Background and aims: INSmutations can cause INS-MODy and have been described more frequently in cases of neonatal diabetes mellitus. The reported phenotypic expression of INS-MODy is quite variable.

Objective: To clinically, biochemically and molecularly characterize INS-MODy patients in two Spanish tertiary level hospitals during the period 2009-2023.

Methods: Cross-sectional study that included 121 pediatric patients with suspected monogenic diabetes analyzed by targeted NGS with a custom panel (MonDIABV1-4) including up to 482 genes involved in or associated with different types of dysglycemia.
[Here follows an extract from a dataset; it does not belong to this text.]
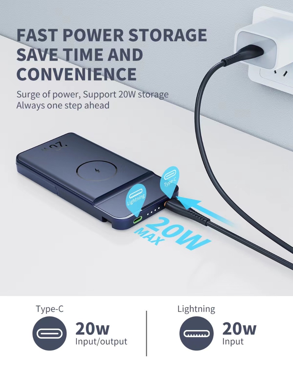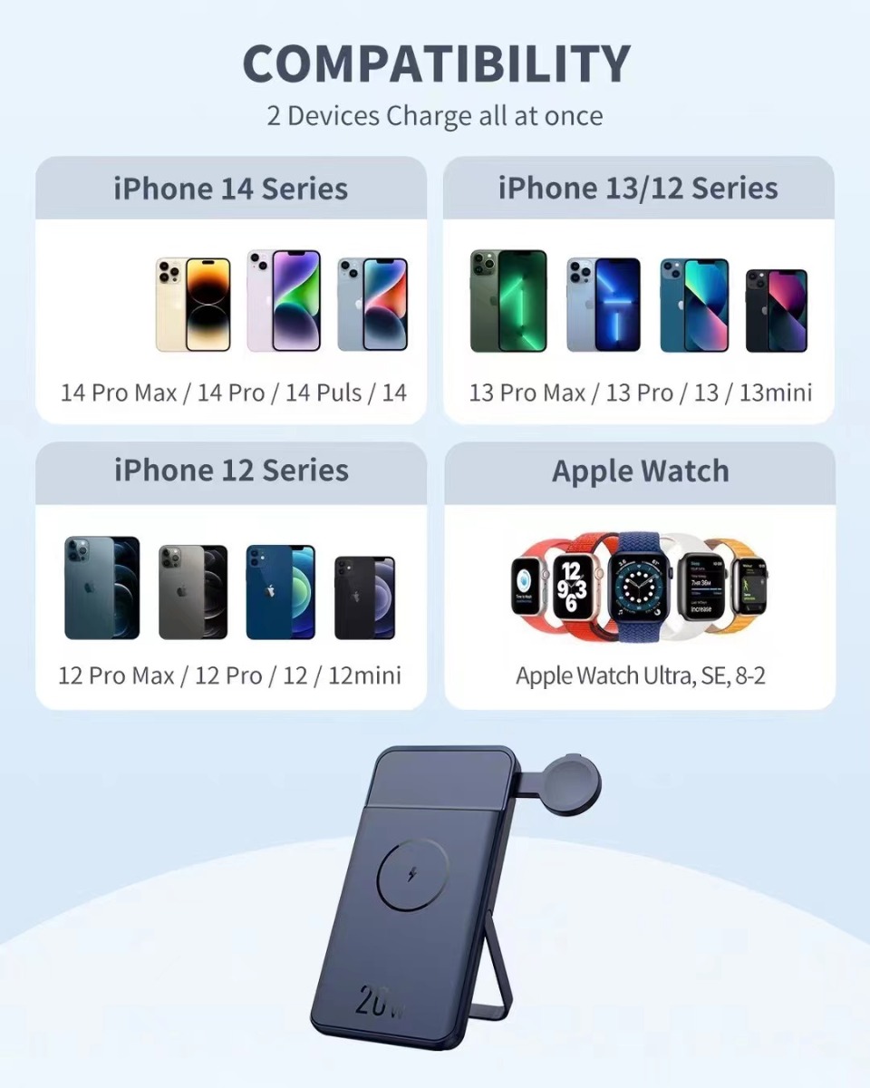 Features: 1. 2 in 1 design, support wireless charging of iPhone and Apple Watch simultaneously. 2. PD 20W quick charging, 7.5W for iPhone. 3. 10000mAh large capacity, can fully charge the iPhone 14 Pro twice. 4. Strong magnetic, secure portable charging. 5. Dual Charging Mode: Wired Charging Mode and Wireless Charging Mode. 6. Wireless Charging Flexibly: Can be charged Vertically/Horizontally. 7. Retractable Aluminum Alloy Stand design, suited for desk use. 8. Compatible with iPhone 14/13/12 series and Apple Watch Ultra/SE/8-2 series.

Variants were classified according to ACMG and prioritized using confidence and quality criteria, coverage (20x/pb >95%), allele frequency (<1% gnomAD controls), impact and in silico prediction of pathogenicity (CADD V1.6, score >15).

Results: 3/121 patients (2.5%), 2 males and 1 female, aged 15±4.58 years and with BMI 21.8±3.5 Kg/m2, presented with heterozygous INS deleterious variants. Segregation analysis revealed that the previously described (HGMD) pathogenic INS variants NM_000207.3:c.140G>A, p.(Gly47Asp) and NM_000207.3:c.163C>T, p.(Arg55Cys) were de novo. No allelic segregation study could be performed for the NM_000207.3:c.62 C>T; p.(Pro21Leu) (VUS), located in the preproinsulin signal peptide. All patients had a family history of DM, with diabetic debut at 12±2.6 years as simple hyperglycemia without cardinal clinic, negative pancreatic autoimmunity, preserved C-peptide at diagnosis and 2/3 after 4 years from diagnosis. Initial HbA1c was 6.4±0.5% (currently 6.7±2.1%) and their lipoproteic profile was normal. None developed acute or chronic complications after 4±2 years of follow-up. The patient with the INS p.(Pro21Leu) variant was overweight and his HOMA-IR (7.2) indicated insulin resistance, treated with metformin. The patient with the INS p.(Gly47Asp) variant presented poor metabolic control due to poor adherence to low-dose insulin therapy (0.32UI/Kg/day), his DM was initially classified as type 1b, delaying the molecular diagnosis for about 3 years. The patient with the INS p.(Arg55Cys) variant presented good metabolic control with hygienic-dietary measures.

Conclusion: The prevalence of INS-MODy is higher than reported in the literature. In our experience, phenotypic expression occurred in early childhood, varying from mild to severe hyperglycemia with insulinopenia up to insulin resistance in association with other predicted deleterious variants in candidate genes (MODy-X). Suspicion of INS-MODy should be raised in patients with early diabetic debut without pancreatic autoimmunity, even in the absence of a family history of DM. Therefore, the analysis of INS should be included in the molecular diagnostic routine of suspected monogenic diabetes.